══ Source material

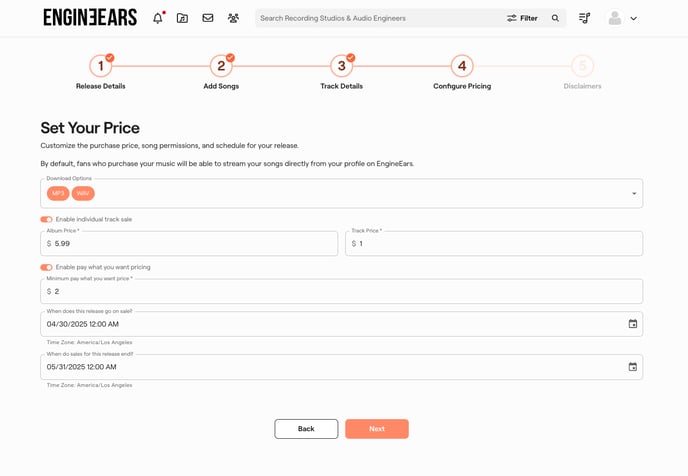 8. Configure Pricing: Customize the price, song permissions, and sales schedule for your release.
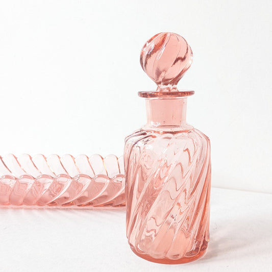 Garniture de toilette en verre moulé rose à côtes torses. BAYEL
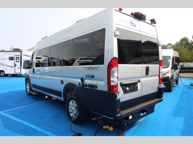 Head out on your greatest adventures with one of these Jayco Swift Class B gas motorhomes! Each model includes the JRide system with Hellwig helper springs and a premium heavy-duty suspension for smooth handling, and the Thule armless patio awning with LED lights will create an outdoor living space you are sure to love. Head inside to find pressed countertops, sliding vented windows, a soft-touch vinyl ceiling, plus many more comforts. The Uconnect 5 NAV infotainment center with Apple CarPlay® and Android Auto™ will also come in handy as you travel to your destination. An optional 200W roof-mounted solar panel can be added, along with the optional Li Package that features a lithium smart battery, Timberline hydronic heating system, a 3,000W inverter, and more power features!

════

Repeat, line for line and exactly, the material from its first line through the line that contains "Garniture de toilette", both ends included; no pictures belong in the copy.

 8. Configure Pricing: Customize the price, song permissions, and sales schedule for your release.
 Garniture de toilette en verre moulé rose à côtes torses. BAYEL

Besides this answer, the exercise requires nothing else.